Lynette Roberts - Life

Life

Evelyn Beatrice Roberts was born in Argentina on 4 July 1909, in Buenos Aires, to parents of Welsh extraction. While still young she moved to Britain, and studied in London at the Central School for Arts and Crafts (now part of Central St Martins College of Art and Design).

In 1939 she married the poet and literary editor Keidrych Rhys at Llansteffan in Carmarthenshire, and they settled in the neighbouring LLanybri, where they lived during World War II in relative poverty, compared with what she was used to. She and her husband had two children, a daughter, Angharad, born in April 1945, and a son, Pridein, born in November 1946.
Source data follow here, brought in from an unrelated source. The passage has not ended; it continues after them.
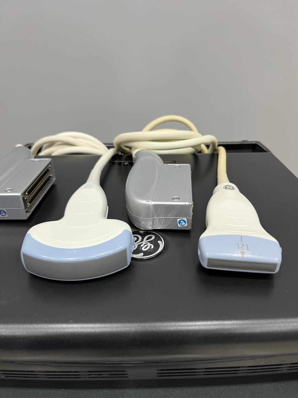 - Probe 1 (Brand/Model): The inscription “12L” is clearly legible on the probe head in the image. This is a GE 12L-RS model Linear probe. It is generally used for vascular, small organ, pediatric, and musculoskeletal imaging. It features a blue-striped, flat-tipped design.
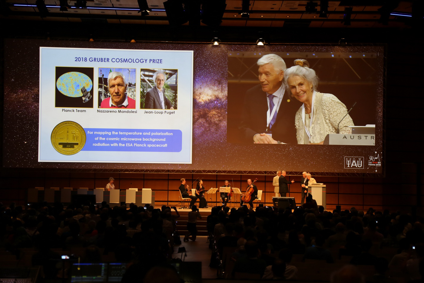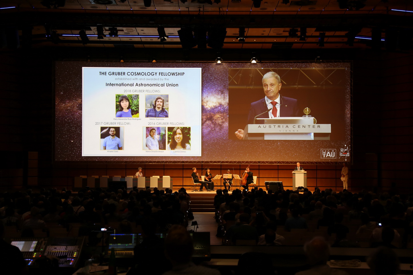 接下来是颁奖环节,奖项包括格鲁伯(Gruber)天文奖学金和格鲁伯宇宙学奖,以及IAU博士奖(PhD Prize)。
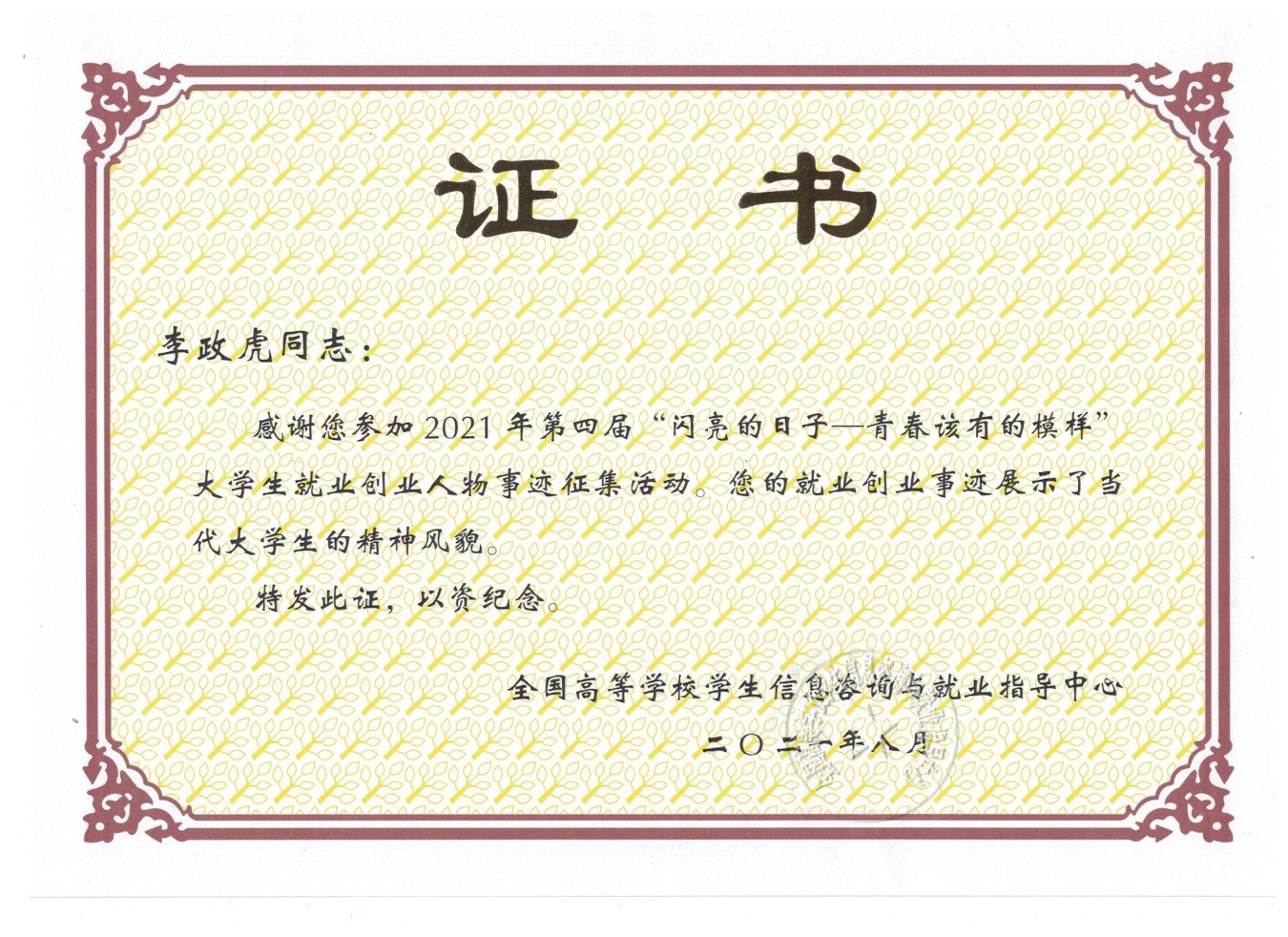 近日,在全国高等学校学生信息咨询与就业指导中心组织开展的2021年第四届“闪亮的日子——青春该有的模样”大学生就业创业人物事迹征集活动中,我校2021届毕业生李政虎的创业事迹成功入选。
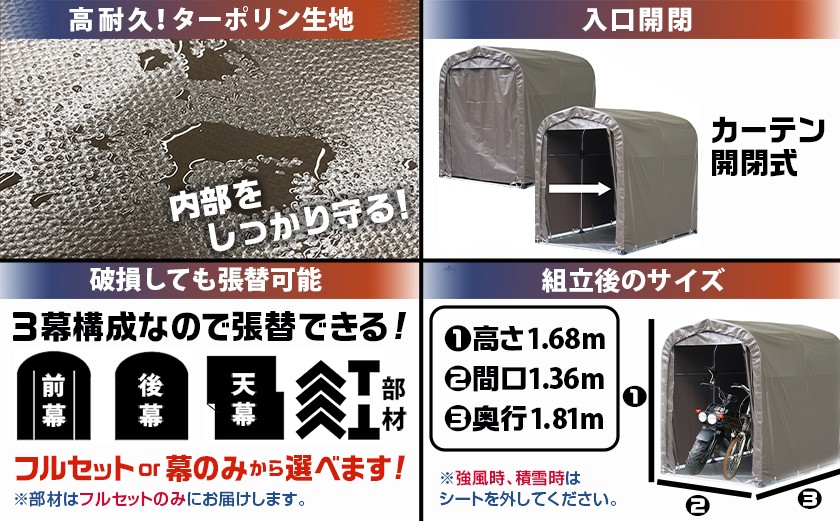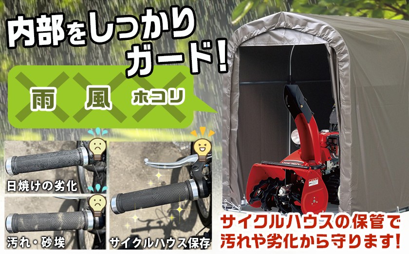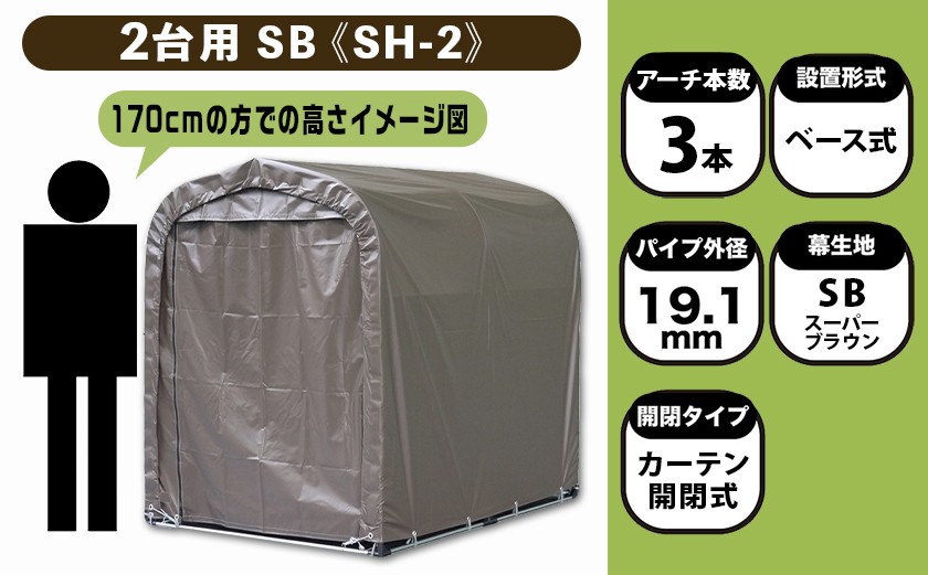 サイクルハウス2台用SB【カーテン開閉式】〈SH-2〉_65-J404-S2026_(都城市) サイクルハウス 2台用 スーパーブラウン カーテン開閉式 組立式 収納 便利 耐久性 張替用幕 前幕 後幕 天幕 幕取替

In Llanybri she painted, and in 1944 her collection Poems were published by Faber and Faber. She immortalised her village in her "Poem from Llanybri". This poem was addressed to the poet, Alun Lewis, to whom Roberts confessed to being attracted. In 1944 and 1945 drafts of Robert Graves's The White Goddess were published in Keidrych Rhys's periodical, Wales.

After the War Roberts was the dedicatee of Robert Graves's The White Goddess in its first edition (1948), having provided much of the Welsh material used by him.

In 1949, she and Keidrych Rhys divorced. In 1951 Faber and Faber published her Gods with stainless ears: a heroic poem. After she became a Jehovah's Witness she ceased to publish. She died on 26 September 1995, at Ferryside, Carmarthenshire.